[Your assignment]:
Search the entries for the word "with". Copy every line where it turns up.

━━ Supplied material ━━

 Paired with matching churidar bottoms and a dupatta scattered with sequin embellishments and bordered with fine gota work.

━━━
━━ Supplied material ━━

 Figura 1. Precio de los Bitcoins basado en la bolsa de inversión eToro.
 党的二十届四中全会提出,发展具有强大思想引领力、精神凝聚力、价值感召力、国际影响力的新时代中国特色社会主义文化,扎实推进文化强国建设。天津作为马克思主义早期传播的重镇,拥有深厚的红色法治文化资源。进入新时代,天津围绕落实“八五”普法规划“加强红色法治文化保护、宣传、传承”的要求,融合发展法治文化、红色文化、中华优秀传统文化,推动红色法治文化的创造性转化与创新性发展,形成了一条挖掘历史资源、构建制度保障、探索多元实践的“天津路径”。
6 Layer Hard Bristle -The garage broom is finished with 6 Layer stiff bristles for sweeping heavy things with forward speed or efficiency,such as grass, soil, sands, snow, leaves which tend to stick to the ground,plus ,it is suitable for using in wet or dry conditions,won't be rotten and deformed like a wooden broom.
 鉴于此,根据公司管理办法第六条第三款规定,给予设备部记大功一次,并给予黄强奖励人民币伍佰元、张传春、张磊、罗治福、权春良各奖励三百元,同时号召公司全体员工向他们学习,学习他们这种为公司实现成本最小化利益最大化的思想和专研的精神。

━━━

[Written answer]:
 Paired with matching churidar bottoms and a dupatta scattered with sequin embellishments and bordered with fine gota work.
6 Layer Hard Bristle -The garage broom is finished with 6 Layer stiff bristles for sweeping heavy things with forward speed or efficiency,such as grass, soil, sands, snow, leaves which tend to stick to the ground,plus ,it is suitable for using in wet or dry conditions,won't be rotten and deformed like a wooden broom.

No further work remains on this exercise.